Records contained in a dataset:
§ §

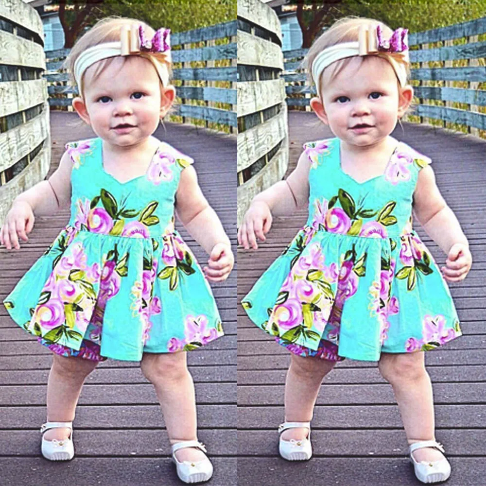 Одежда для маленьких девочек с цветочным рисунком Сарафан с принтом; Повседневное платье принцессы
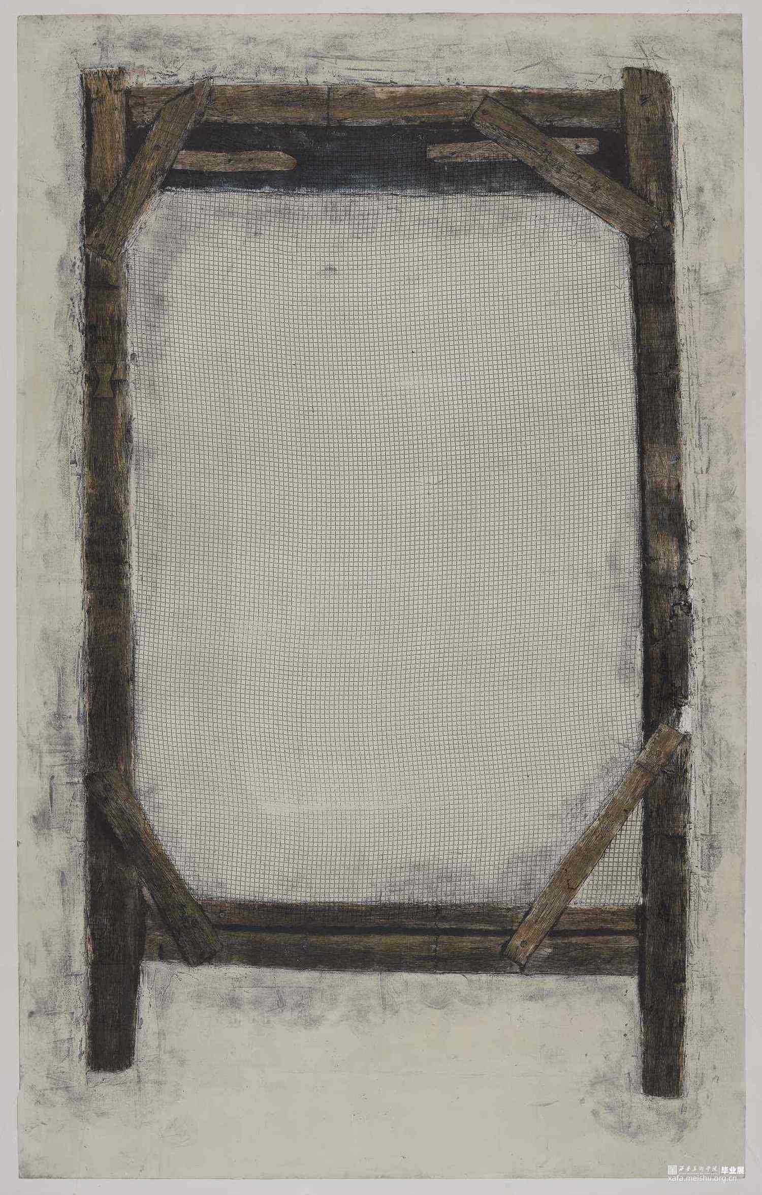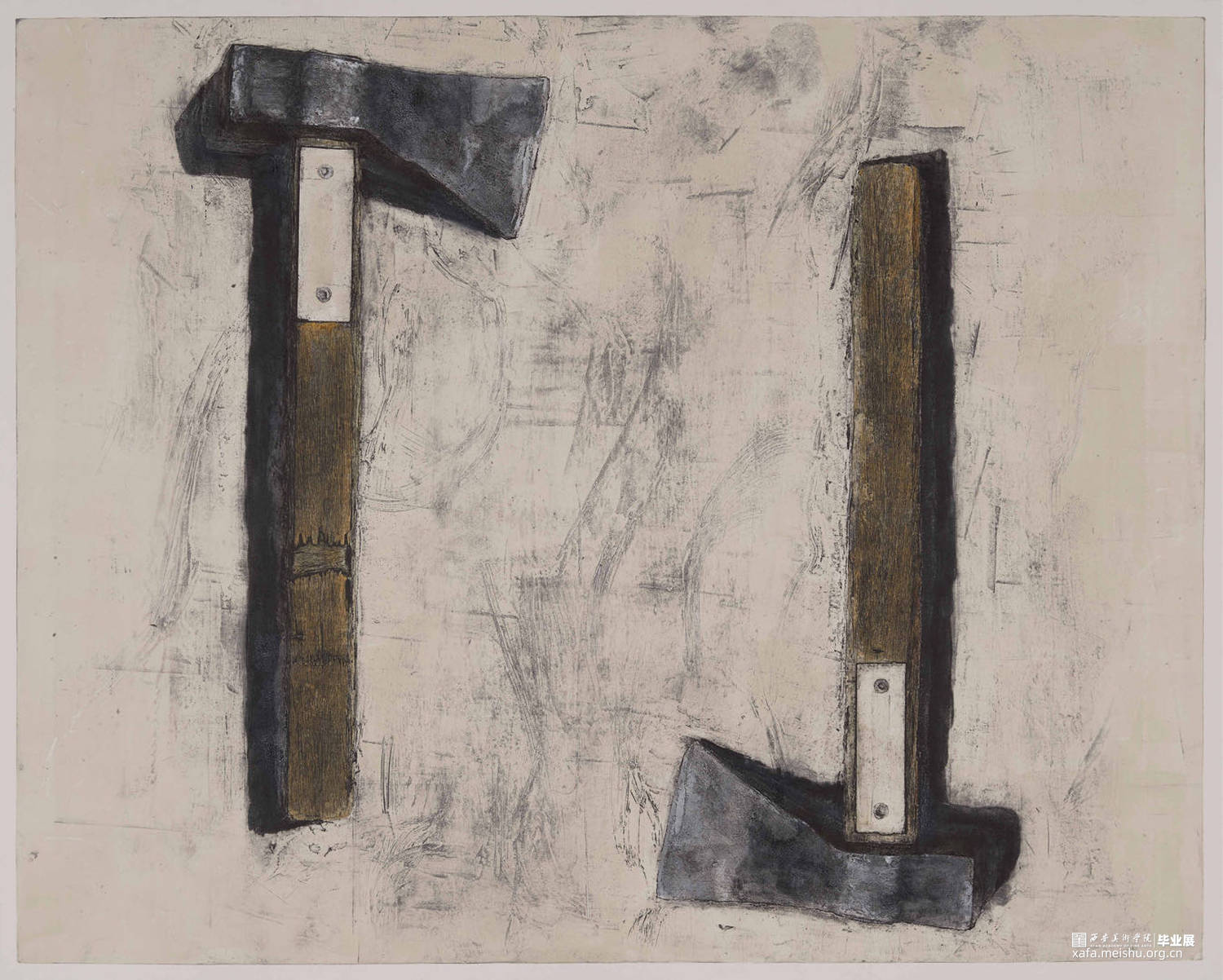 《筑城者》系列作品运用五个芳动工具来创作作品,用了综合材料版国胶砂技法与木板凹凸印技法完成作品。改革开放后中国大力发展经济,而人民群众则是发展的主力
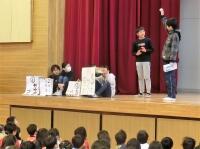 1月30日(水)の児童集会は、委員会発表でした。この日は、美化委員会とエコ・ボラティア委員会の発表でした。エコ・ボラ委員会は、2学期から続けているあいさつ運動のことをコントで、美化委員会はゴミの分別についてクイズ形式で発表・注意の呼びかけをしました。
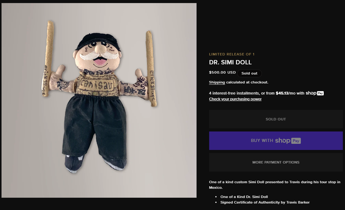 El muñeco fue puesto en venta en la página de Travis a 500 dólares, 472.485 pesos chilenos aproximadamente. "Único en su tipo, muñeco Simi personalizado se le presentó a Travis durante su visita a México en la gira. Muñeco único, Dr. Simi con certificado de autenticidad firmado por Travis Barker", dice la descripción del producto.
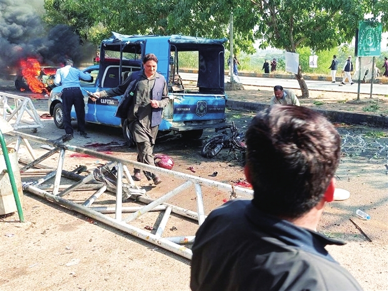 ■ 11月11日,在巴基斯坦首都伊斯兰堡,安全和救援人员检查爆炸现场(手机照片)。新华社 发
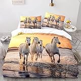 - 🌸 Design unique:Cette 3d housse de couette est un design réversible unique, un côté est un motif d'impression Cheval Animal, le motif est clair et la couleur est vive. Le côté B est un design de couleur blanc pur simple et confortable. Taille: 1 pièce housse de couette + 2 taie d'oreiller 50 x 75 cm
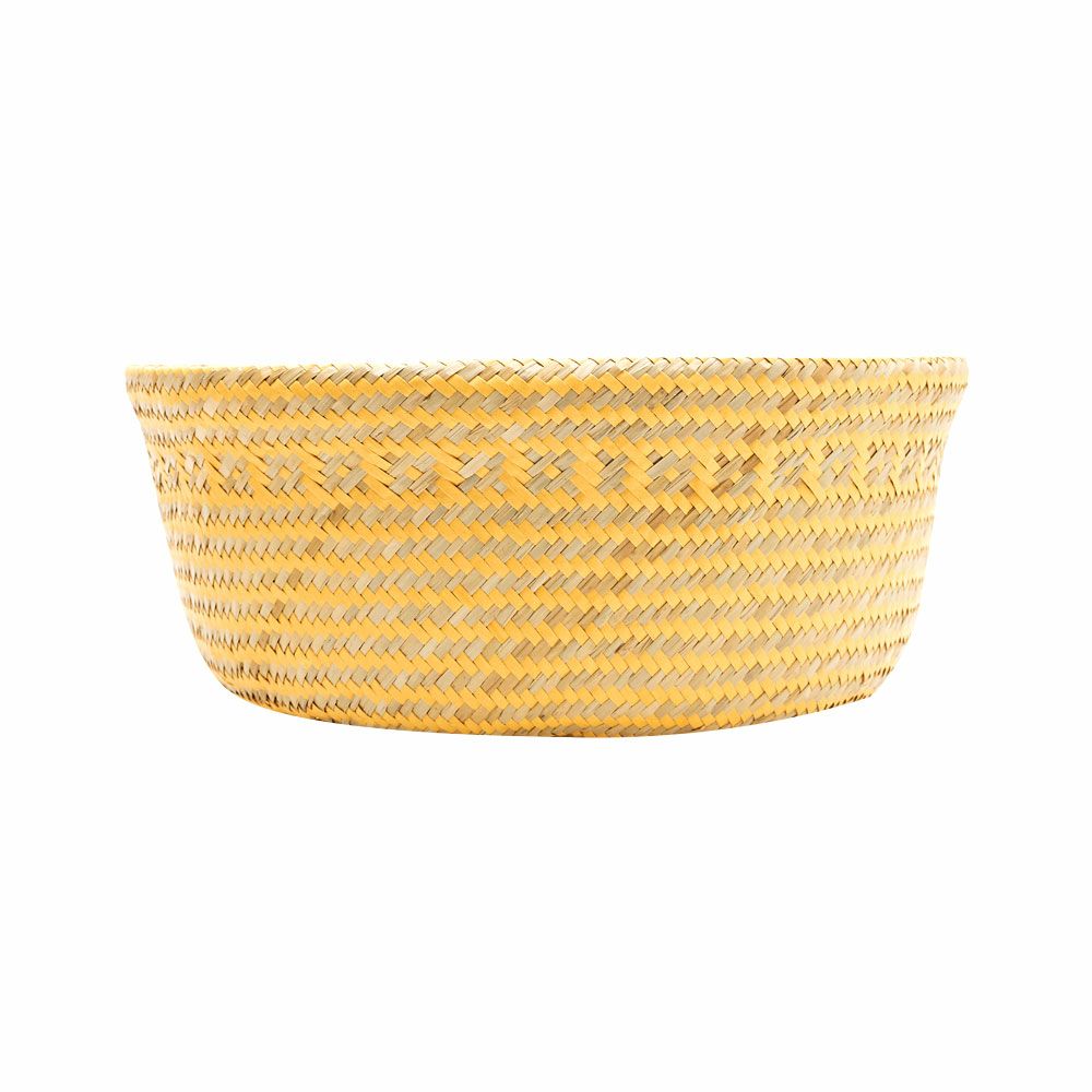 シーグラス製持ち手付き丸型バスケット(マルチボーダ―/イエロー)

§ §

What to work on: Give back each line above verbatim, dropping every picture.

Reply to the task:
 Одежда для маленьких девочек с цветочным рисунком Сарафан с принтом; Повседневное платье принцессы
 《筑城者》系列作品运用五个芳动工具来创作作品,用了综合材料版国胶砂技法与木板凹凸印技法完成作品。改革开放后中国大力发展经济,而人民群众则是发展的主力
 1月30日(水)の児童集会は、委員会発表でした。この日は、美化委員会とエコ・ボラティア委員会の発表でした。エコ・ボラ委員会は、2学期から続けているあいさつ運動のことをコントで、美化委員会はゴミの分別についてクイズ形式で発表・注意の呼びかけをしました。
 El muñeco fue puesto en venta en la página de Travis a 500 dólares, 472.485 pesos chilenos aproximadamente. "Único en su tipo, muñeco Simi personalizado se le presentó a Travis durante su visita a México en la gira. Muñeco único, Dr. Simi con certificado de autenticidad firmado por Travis Barker", dice la descripción del producto.
 ■ 11月11日,在巴基斯坦首都伊斯兰堡,安全和救援人员检查爆炸现场(手机照片)。新华社 发
 - 🌸 Design unique:Cette 3d housse de couette est un design réversible unique, un côté est un motif d'impression Cheval Animal, le motif est clair et la couleur est vive. Le côté B est un design de couleur blanc pur simple et confortable. Taille: 1 pièce housse de couette + 2 taie d'oreiller 50 x 75 cm
 シーグラス製持ち手付き丸型バスケット(マルチボーダ―/イエロー)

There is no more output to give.